**Dataset items**
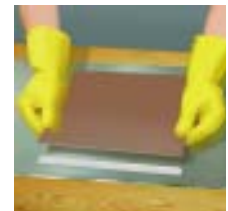
Līmes uzklāšana elastīgai līmēšanai punktveida vai stīgas formā. Atkarībā no virsmas gluduma pakāpes līmes šuvi saspiež līdz 1–3 mm biezumam
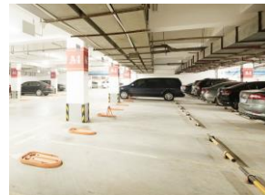
Gestão de estacionamento público
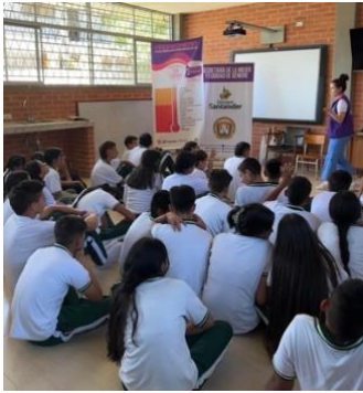
Figura 17: Nota: Prevención de Violencia de Género en colegios.

“(…) Cuándo ingresé en este colegio lo primero que me di cuenta es que estaban conmemorando el feminicidio de una de las estudiantes del colegio. Ya han pasado los meses y la cogida que he tenido en la Secretaría ha sido muy grande, me asignan eventos y puedo realizar las actividades como yo quiera. En este caso realicé prevención de violencias de género y lasmarcadas diferencias culturales sobre el ser mujer y el ser hombre. Me doy cuenta que es fundamental la necesidad mayor conciencia sobre la importancia de abordar la violencia de género en todos los niveles de la sociedad” (T1P_Exp_Mayo23_03).
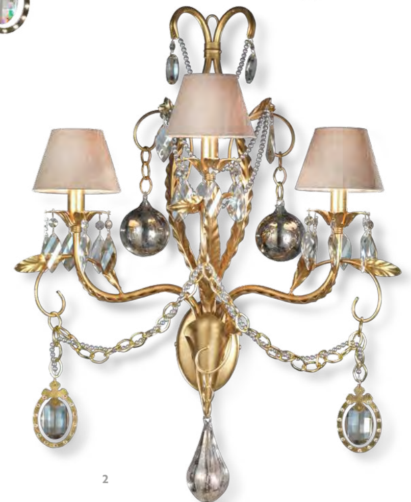
2 - 2440/03AP COLORE: ORO FOGLIA COD. 3001 CM. H. 80 x L. 70 x P. 30 3 x E14 MAX 40 WATT PARALUMI SETA CHAMPAGNE SU RICHIESTA ART. 7350*
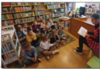
Jesiennie spotkania w Bibliotece

Na koniec dzieci mogły zamienić się w bajkowe postacie i zagrać w gry - budce! Zabawa była świetna!
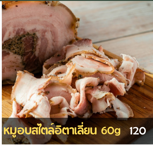
หมูอบสไตลิตาเลียน 60g 120
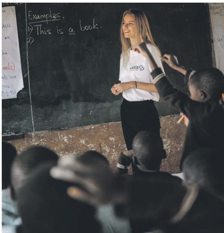
V TANZÁNII se snaží zajistit místním dětem lepší vzdělání.

Měla jste čas se porozhlédnout po Bombaji, aglomeraci, která má zhruba o tři miliony obyvatel více než celá naše republika?
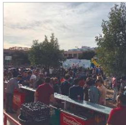
Imagen del festival.

De manera paralela, se sucedían diferentes actuaciones de artistas se unían a este original y llamativo festival benéfico.
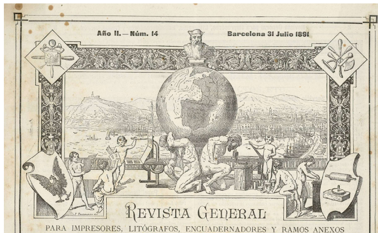
Cabecera de la Revista general para impresores, litógrafos, encuadernadores y ramos anexos (1890-1892).

Además de la progresiva mecanización de la técnica de estampación tipográfica y de la mejora y el desarrollo de la litografía y la cromolitografía, el mundo de las artes gráficas se vio fuertemente sacudido por la irrupción de los procedimientos fotomecánicos, derivados de la fotografía.
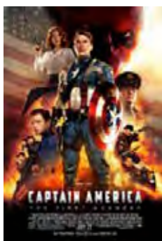
Capitán América: El Primer Vengador (Captain America: The First Avenger) [2011] Dir: Joe Johnston
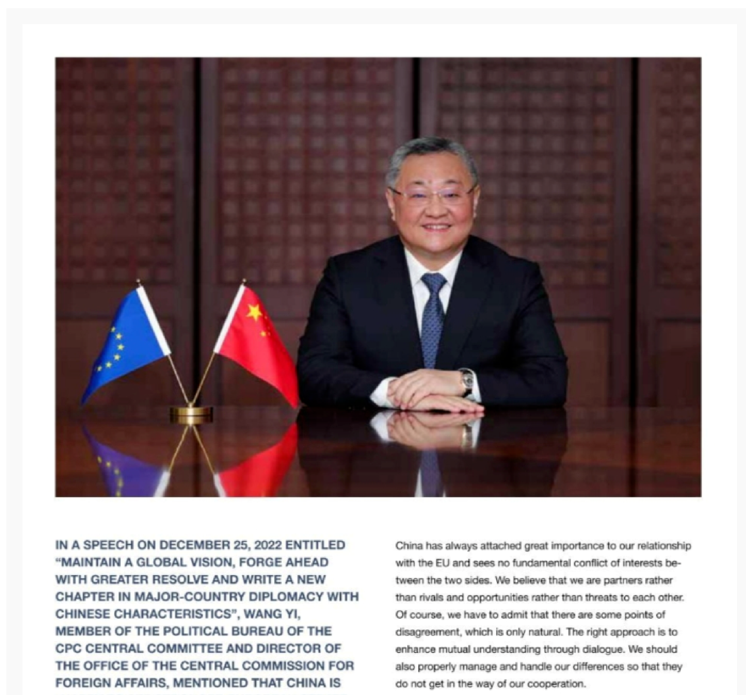
IN A SPEECH ON DECEMBER 25, 2022 ENTITLED "MAINTAIN A GLOBAL VISION, FORGE AHEAD WITH GREATER RESOLVE AND WRITE A NEW CHAPTER IN MAJOR-COUNTRY DIPLOMACY WITH CHINESE CHARACTERISTICS", WANG YI, MEMBER OF THE POLITICAL BUREAU OF THE CPC CENTRAL COMMITTEE AND DIRECTOR OF THE OFFICE OF THE CENTRAL COMMISSION FOR FOREIGN AFFAIRS, MENTIONED THAT CHINA IS
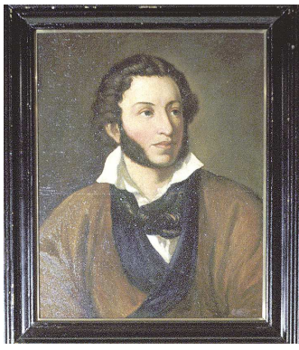
Ко времени создания этого портрета в 1827 году Пушкин уже написал «Бориса Годунова»
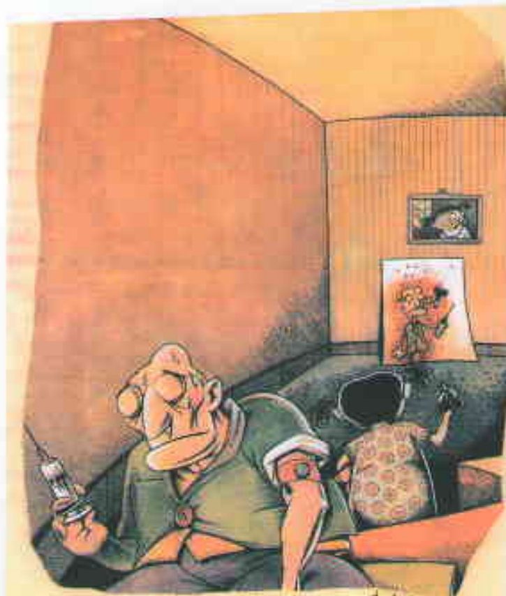
حاجار حجتی ایران JAMAL RAHMATI/IRAN
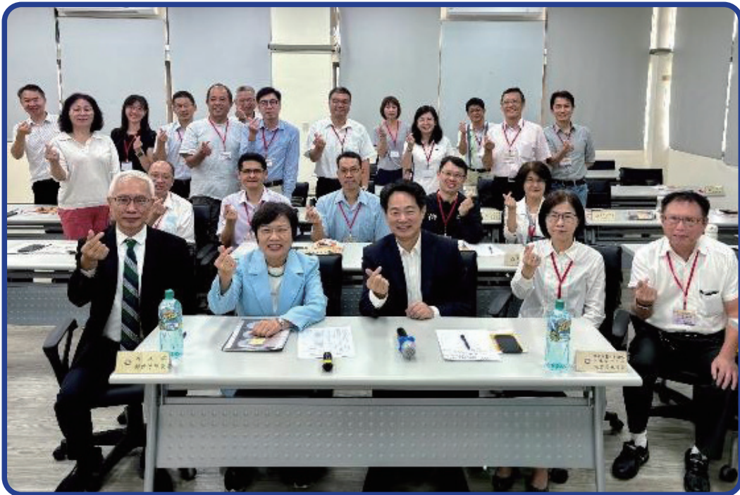
劉世芳部長(前排左二)與役政司沈哲芳司長兼執行長(前排左三)鼓勵役政人員，推動替代役支援災害防救工作

盱衡當前配合政府強化全民國防兵力結構調整方案，替代役參與災防救護、治安巡守、社福照護、民防整備等任務，持續支援社會持續穩定運作，已成為我國國家災防體系中不可或缺的力量，爰致力推動各役政管理人員，不僅須熟稔我國強化全社會防衛韌性與替代役人力運用政策，更應具備對重大治安及災害風險的敏銳意識與應變知能，以確保役男服役安全的前提下，妥善規劃現役勤務與備役召訓，發揮替代役支援災防、穩定社會的功能。
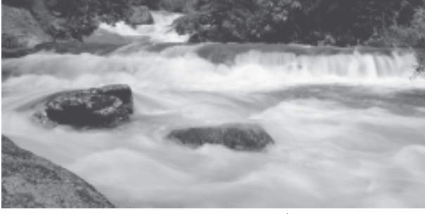
चित्र 3.3 : क्षिप्रिकाएँ

समतल घाटियों, गोखुर झीलें, बाढ़कृत मैदान, गुंफित वाहिकाएँ और नदी के मुहाने पर डेल्टा का निर्माण करती हैं। हिमालय क्षेत्र में इन नदियों का रास्ता टेढ़ा-मेढ़ा है, परंतु मैदानी क्षेत्र में इनमें सर्पाकार मार्ग में बहने की प्रवृत्ति पाई जाती है और अपना रास्ता बदलती रहती हैं। कोसी नदी, जिसे बिहार का शोक (Sorrow of Bihar) कहते हैं, अपना मार्ग बदलने के लिए कुख्यात रही है। यह नदी पर्वतों के ऊपरी क्षेत्रों से भारी मात्रा में अवसाद लाकर मैदानी भाग में जमा करती है। इससे नदी मार्ग अवरूद्ध हो जाता है व परिणामस्वरूप नदी अपना मार्ग बदल लेती है। कोसी नदी ऊपरी पर्वतीय क्षेत्र से इतनी भारी मात्रा में अवसाद क्यों लाती है? क्या आप सोचते हैं कि सामान्यतः नदियों में और विशेष तौर पर कोसी नदी में जल का बहाव व मात्रा एक समान रहती है या घटती-बढ़ती रहती है? नदी में कब जल की मात्रा अत्यधिक होती है? बाढ़ के सकारात्मक व नकारात्मक प्रभाव क्या हैं?
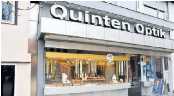
Schon fast eine Institution in Gmünd ist Optik Quinten in der Ledergasse.
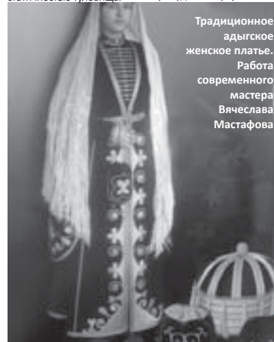
Традиционное адыгское женское платье. Работа современного мастера Вячеслава Мастафова

Своеобразной деталью кабардинского костюма были подвесные рукава. Отличаясь большой декоративностью, они привлекают внимание к выразительности жестов рук по контрасту со статичностью туловища.
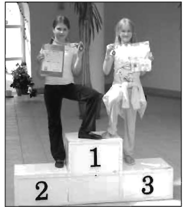
Medalistki zawodów pływackich.
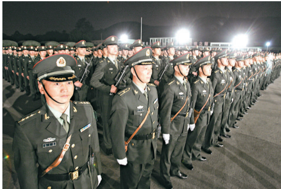
輪換進港和出港的陸軍官兵在新軍營進行交接儀式

【本報訊】記者黃俊鋒報導：解放軍駐港部隊海、陸、空三軍部分建制單位和裝備，昨日凌晨零時至中午，完成駐港解放軍自一九九七年進駐香港後的第十一次輪換，部隊輪換後，駐軍在香港特區的部隊員額及裝備數量，維持不變。主持陸軍部隊輪換交接儀式的駐軍司令張仕波少將表示，駐港部隊將嚴格遵守《基本法》、《駐軍法》及香港特區的其他法律，並忠實履行職責，盡力為維護香港長期的繁榮安定作出貢獻。 昨日凌晨零時，輪換進港的陸軍和空軍地勤部隊，率先駕駛一輛輛的運兵車、裝甲車和通訊車，在香港警隊的帶領下，通過落馬洲口岸駛入解放軍駐港部隊各軍營，並在凌晨一時三十分，由駐軍司令張仕波少將、政治委員劉良凱中將主持陸軍部隊輪換交接儀式。 另外，昨日上午九時五十分，由六架直升機組成的空軍部隊駐港編隊，飛抵石崗空軍營地，接替即將輪換出港的空軍部隊。最後，在昨日上午十一時三十分，海軍部隊
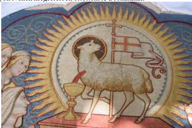
Sodratlan selyemfonallal levarrt egykor lebegő fémfonalak.

A lebegő fémfonalak rögzítését sodratlan selyemfonallal görbetű segítségével végeztem. A hímzett kép keretelését adó 3 db összefogott bordó színű zsinór rögzítése is több helyen meggyengült, elszakadt. Ezt az eredeti technikának megfelelően a zsinórokkal megegyező színű pamutcérnával végeztem, mindig a képre merőlegesen, a karélyok ívének megfelelően öltöttem le a fonalakat.
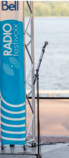
RADIO FESTIVOIX BELL
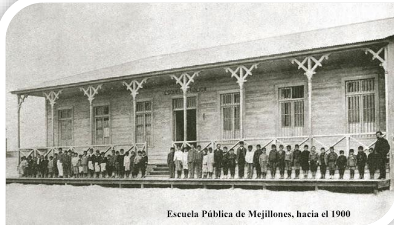
Escuela Pública de Mejillones, hacia el 1900

**WORK TASK**
With the pictures left out, write out exactly the lines above from the one containing "Na koniec dzieci" through the one containing "V TANZÁNII se".

**EXPECTED OUTPUT**
Na koniec dzieci mogły zamienić się w bajkowe postacie i zagrać w gry - budce! Zabawa była świetna!
หมูอบสไตลิตาเลียน 60g 120
V TANZÁNII se snaží zajistit místním dětem lepší vzdělání.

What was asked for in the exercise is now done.